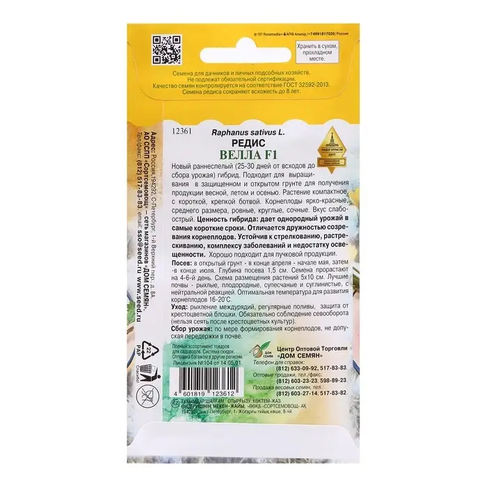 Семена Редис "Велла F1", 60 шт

____________________

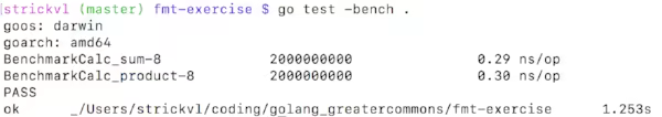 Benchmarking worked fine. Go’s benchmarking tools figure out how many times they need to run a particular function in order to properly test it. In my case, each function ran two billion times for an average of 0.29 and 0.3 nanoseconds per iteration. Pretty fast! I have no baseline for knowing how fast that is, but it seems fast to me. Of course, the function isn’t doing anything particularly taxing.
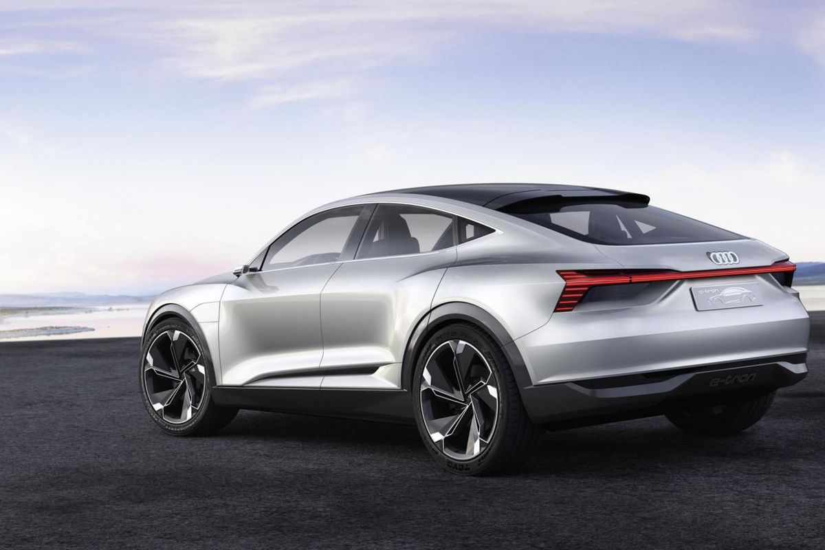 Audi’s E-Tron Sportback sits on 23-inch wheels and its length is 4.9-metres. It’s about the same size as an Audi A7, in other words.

____________________

* **WORK TO BE COMPLETED**: Return the material from the line containing "Benchmarking worked fine." through the line containing "Audi’s E-Tron Sportback", exactly and in full, but without its pictures.

* **ANSWER BELOW**:
 Benchmarking worked fine. Go’s benchmarking tools figure out how many times they need to run a particular function in order to properly test it. In my case, each function ran two billion times for an average of 0.29 and 0.3 nanoseconds per iteration. Pretty fast! I have no baseline for knowing how fast that is, but it seems fast to me. Of course, the function isn’t doing anything particularly taxing.
 Audi’s E-Tron Sportback sits on 23-inch wheels and its length is 4.9-metres. It’s about the same size as an Audi A7, in other words.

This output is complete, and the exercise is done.